Availability of good ground-truth labels for the speech data can also be difficult. For instance, judging of the underlying emotional states of speakers is difficult, whereas induced emotional speech by professional actors may not properly reflect the variability of emotional speech in real world communicative senarios. Assessing the severity of many diseases is also based on indirect diagnostics instead of having some type of oracle knowledge on a universally standardized scale. Every time humans are used for data labelling (e.g., assessing emotions), there is a certain degree of inter-annotator inconsistency due to differing opinions and general variability in human performance. This is the case even when domain experts are used for the task. Naturally, the more difficult the task or more ambiguous the phenomenon, the more there will be noise in the human-based ground-truth labels.
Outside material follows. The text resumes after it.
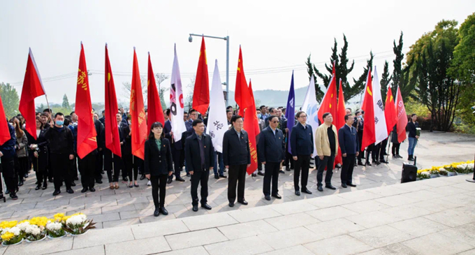 為緬懷革命先烈,傳承紅色基因,進一步推動黨史學習教育深入人心,4月13日上午,蘇豪控股集團黨委在江寧橫山烈士紀念碑開展憑吊活動。集團黨委班子成員、二級公司班子成員、支部書記、黨務工作者、黨員代表、團員代表、工會代表及總部黨員代表共179人參加。上午9時,活動正式開始,全體黨員整齊列隊革命烈士紀念碑前。兩名黨員代表將集團黨委敬獻的花籃擺放至紀念碑前,集團黨委書記、董事長王正喜代表全體黨員鄭重整理挽聯。全體黨員向為民族解放而英勇獻身的革命烈士三鞠躬,沉痛默哀。在莊嚴肅穆的紀念碑前,集團黨委副書記姚蓓帶領在場黨

Finally, many types of interesting PSP data cannot be freely distributed to the research community due to data ownership and human participant privacy protection considerations. As a clear example, speech with metadata related to factors such as health or IQ of the speakers is highly sensitive in nature, and not all speakers consent to open distribution of their identifiable voice together with such private data of themselves. The data ownership considerations inherently limit the pooling of different speech corpora in order to build more comprehensive databases of speech related to different phenomena of interest, and generally slow down replicable open science. On the other hand, it is of utmost importance to respect the privacy of human participants in PSP (or any other) research—not only due to ethical considerations, but also since the entire field depends on access to data from voluntary human participants.
to be continued...
Research in paralinguistic speech processing has been largely advanced by an annual Computational Paralinguistic Challenge (ComParE) held in the context of ISCA Interspeech conferences. Every year since 2009, ComParE has included a number of paralinguistic analysis tasks with pre-defined datasets in which participants can compete with each other. Competitive baseline systems and results are provided to the participants as a starting point. New tasks and datasets can be proposed to challenge organizers, providing a useful channel for data owners and researchers to obtain competitive solutions to their analysis problems.
Schuller, B. & Batliner, A. (2014). Computational paralinguistics: Emotion, affect and personality in speech and language processing. John Wiley & Sons Ltd, UK.